> **Extracted data**:
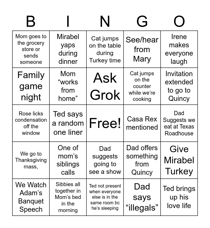 This bingo card has a free space and 29 words: We Watch Adam’s Banquet Speech, Max Calls on Thanksgiving, Ted says a random one liner, Dad says “The Good Cat”, Mom goes to the grocery store or sends someone, Cat jumps on the table during Turkey time, Mom “works from home”, One of mom’s siblings calls, Casa Rex mentioned, Sibbies all together in Mom’s bed in the morning, Dad Suggests we eat at Texas Roadhouse, Ted brings up his love life, Ted not present when everyone else is in the same room bc he’s sleeping, Dad says “illegals”, Invitation extended to go to Quincy, Family Walk, Dad suggests going to see a show, We go to Thanksgiving mass,, Irene makes everyone laugh, Rose licks condensation off the window, Dad offers something from Quincy, Joe’s tuition comes up, Cat jumps on the counter while we’re cooking, Family game night, See/hear from Mary, Mirabel yaps during dinner, Give Mirabel Turkey, Ask Grok and Dad offers drinks..
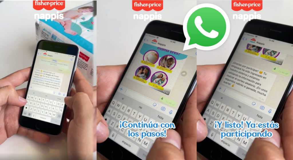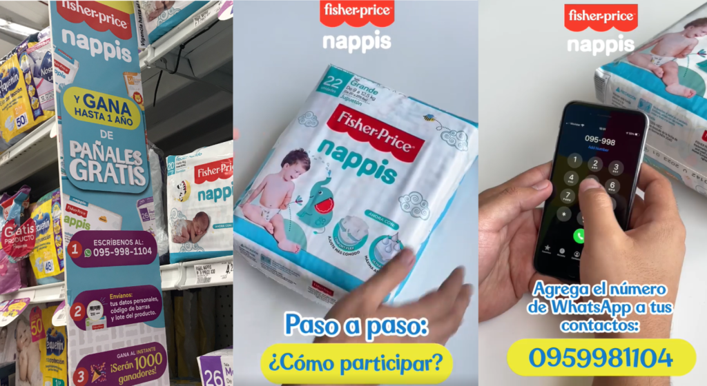 La marca de pañal Nappis ahora cuenta con un número certificado para su línea de WhatsApp donde los participantes ingresan sus datos, códigos de barras y lotes del empaque del pañal participante. Para la premiación recopilan esta información y de forma automática, se elige un ganador aleatoriamente.
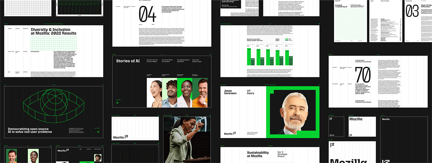 The visual elements of the new brand were carefully chosen to emphasize Mozilla's mission. The color palette begins with black and white as a strong foundation, complemented by a fresh green hue that represents growth, renewal, and our mission to make the internet better for everyone. Our new bespoke typeface inspired by the Zilla typeface, is more contemporary, with its own custom characters. It informs our wordmark, complements our symbol and is completely true to us! Oh and it’s open source of course. We are not precious. We want our toolkit to be available to everyone so it can be leveraged in different places.
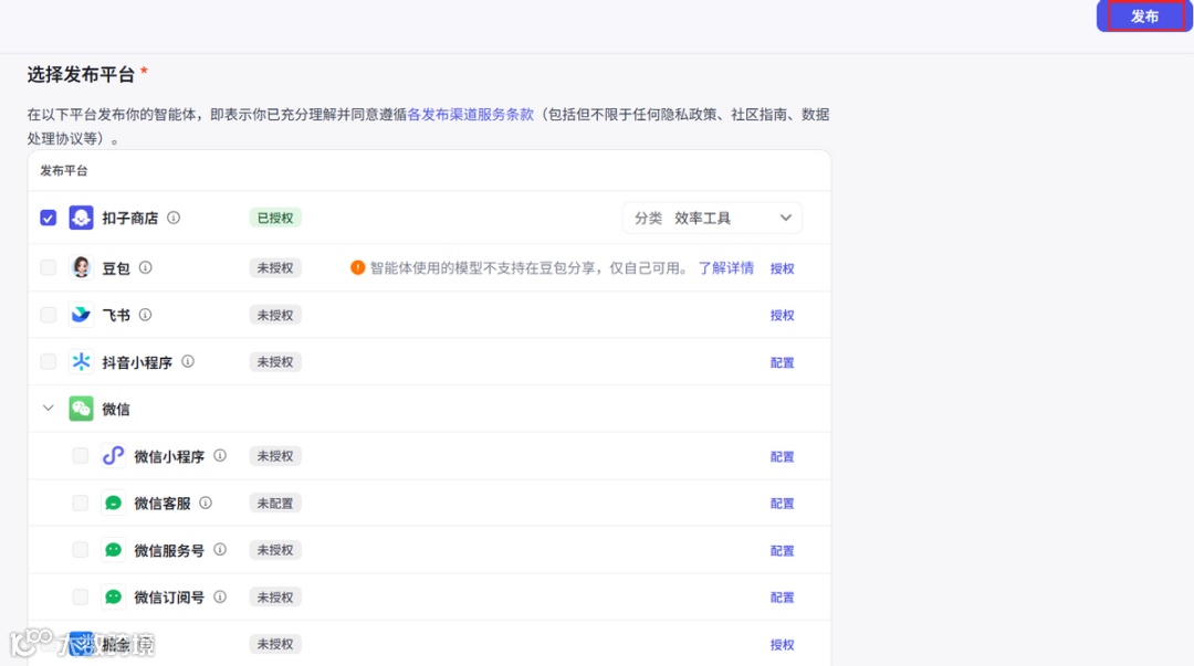 测试没有问题,就可以点击发布,扣子智能体支持多个平台,可以按照使用需求去设置。
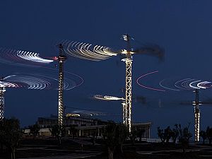 Κατασκευαστικοί γερανοί σε ρόλο χορευτή στο εργοτάξιο του Κέντρου Πολιτισμού του Ιδρύματος Σταύρος Νιάρχος...
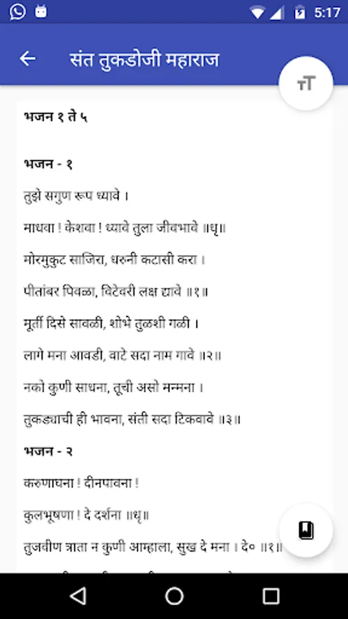 This app contains literature of Marathi sants like abhang, bharud, ovi geete (ovya), gaulan, bhakti geete, gatha, palana (barase) etc.

> **Work required**: In your copy of the entries above, keep the text exact and leave out the pictures.

> **Answer space**:
 This bingo card has a free space and 29 words: We Watch Adam’s Banquet Speech, Max Calls on Thanksgiving, Ted says a random one liner, Dad says “The Good Cat”, Mom goes to the grocery store or sends someone, Cat jumps on the table during Turkey time, Mom “works from home”, One of mom’s siblings calls, Casa Rex mentioned, Sibbies all together in Mom’s bed in the morning, Dad Suggests we eat at Texas Roadhouse, Ted brings up his love life, Ted not present when everyone else is in the same room bc he’s sleeping, Dad says “illegals”, Invitation extended to go to Quincy, Family Walk, Dad suggests going to see a show, We go to Thanksgiving mass,, Irene makes everyone laugh, Rose licks condensation off the window, Dad offers something from Quincy, Joe’s tuition comes up, Cat jumps on the counter while we’re cooking, Family game night, See/hear from Mary, Mirabel yaps during dinner, Give Mirabel Turkey, Ask Grok and Dad offers drinks..
 La marca de pañal Nappis ahora cuenta con un número certificado para su línea de WhatsApp donde los participantes ingresan sus datos, códigos de barras y lotes del empaque del pañal participante. Para la premiación recopilan esta información y de forma automática, se elige un ganador aleatoriamente.
 The visual elements of the new brand were carefully chosen to emphasize Mozilla's mission. The color palette begins with black and white as a strong foundation, complemented by a fresh green hue that represents growth, renewal, and our mission to make the internet better for everyone. Our new bespoke typeface inspired by the Zilla typeface, is more contemporary, with its own custom characters. It informs our wordmark, complements our symbol and is completely true to us! Oh and it’s open source of course. We are not precious. We want our toolkit to be available to everyone so it can be leveraged in different places.
 测试没有问题,就可以点击发布,扣子智能体支持多个平台,可以按照使用需求去设置。
 Κατασκευαστικοί γερανοί σε ρόλο χορευτή στο εργοτάξιο του Κέντρου Πολιτισμού του Ιδρύματος Σταύρος Νιάρχος...
 This app contains literature of Marathi sants like abhang, bharud, ovi geete (ovya), gaulan, bhakti geete, gatha, palana (barase) etc.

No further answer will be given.